▸ Provided records
>>>>

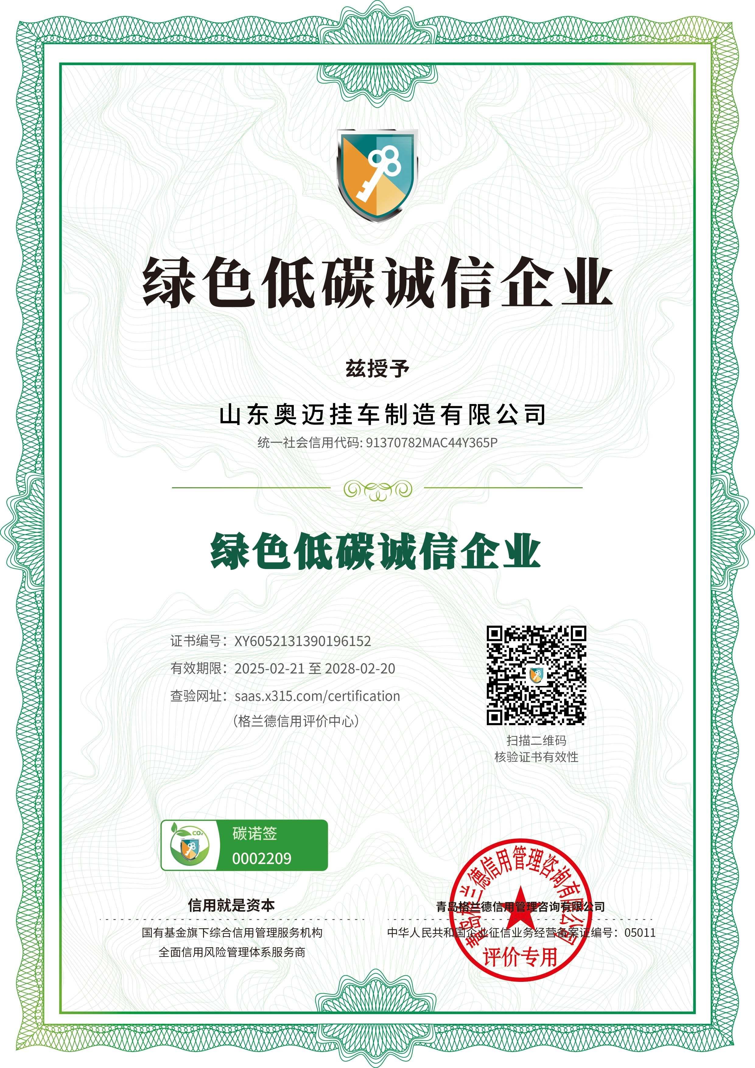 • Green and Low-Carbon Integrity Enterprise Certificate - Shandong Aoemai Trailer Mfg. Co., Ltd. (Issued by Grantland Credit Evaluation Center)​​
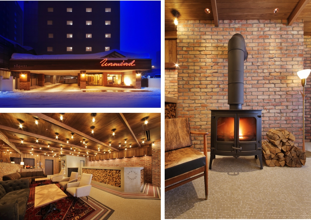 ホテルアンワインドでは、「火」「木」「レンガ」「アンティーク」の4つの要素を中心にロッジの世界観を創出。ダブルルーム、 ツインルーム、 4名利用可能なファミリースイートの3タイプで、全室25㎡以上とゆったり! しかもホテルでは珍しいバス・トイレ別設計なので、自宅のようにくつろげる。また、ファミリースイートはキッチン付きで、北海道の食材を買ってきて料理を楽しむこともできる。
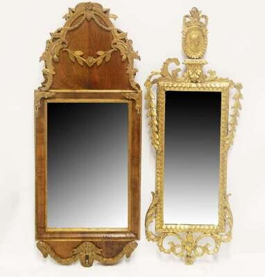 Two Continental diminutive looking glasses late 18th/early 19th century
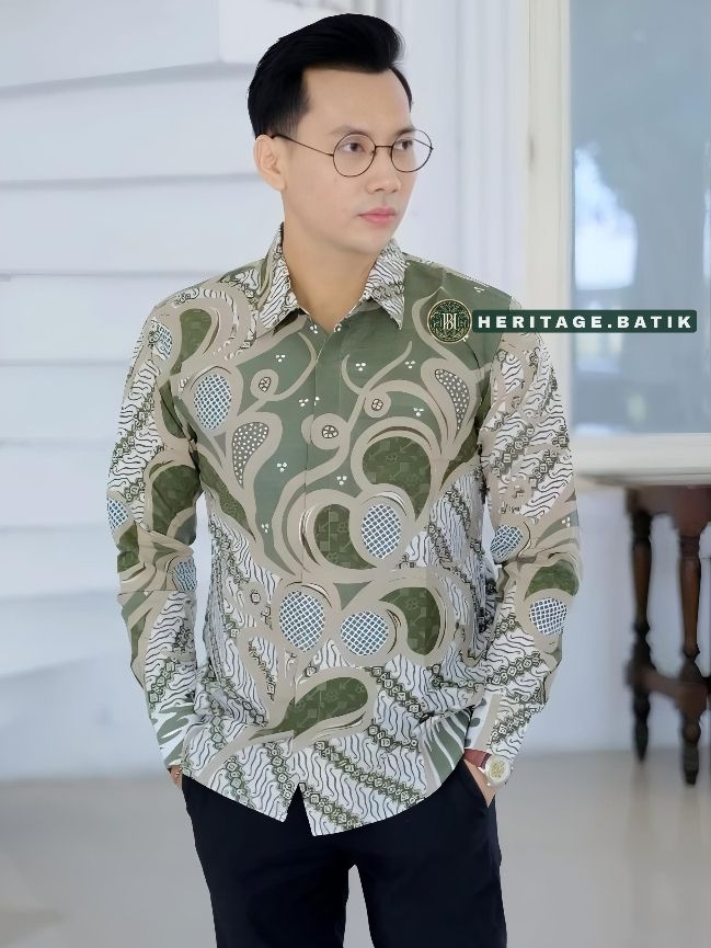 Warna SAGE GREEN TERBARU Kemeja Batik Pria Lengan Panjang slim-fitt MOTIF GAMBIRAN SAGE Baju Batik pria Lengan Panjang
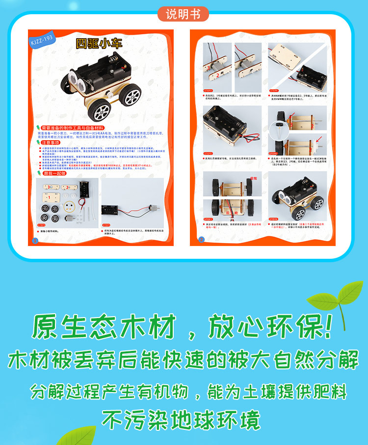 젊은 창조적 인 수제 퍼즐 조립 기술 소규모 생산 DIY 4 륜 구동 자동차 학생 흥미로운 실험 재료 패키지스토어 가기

<<<<

▸ Your task
Going from the line that holds "Two Continental diminutive" to the end of the listing above, copy each line exactly and nothing more, leaving pictures aside.

▸ Exercise response
 Two Continental diminutive looking glasses late 18th/early 19th century
 Warna SAGE GREEN TERBARU Kemeja Batik Pria Lengan Panjang slim-fitt MOTIF GAMBIRAN SAGE Baju Batik pria Lengan Panjang
 젊은 창조적 인 수제 퍼즐 조립 기술 소규모 생산 DIY 4 륜 구동 자동차 학생 흥미로운 실험 재료 패키지스토어 가기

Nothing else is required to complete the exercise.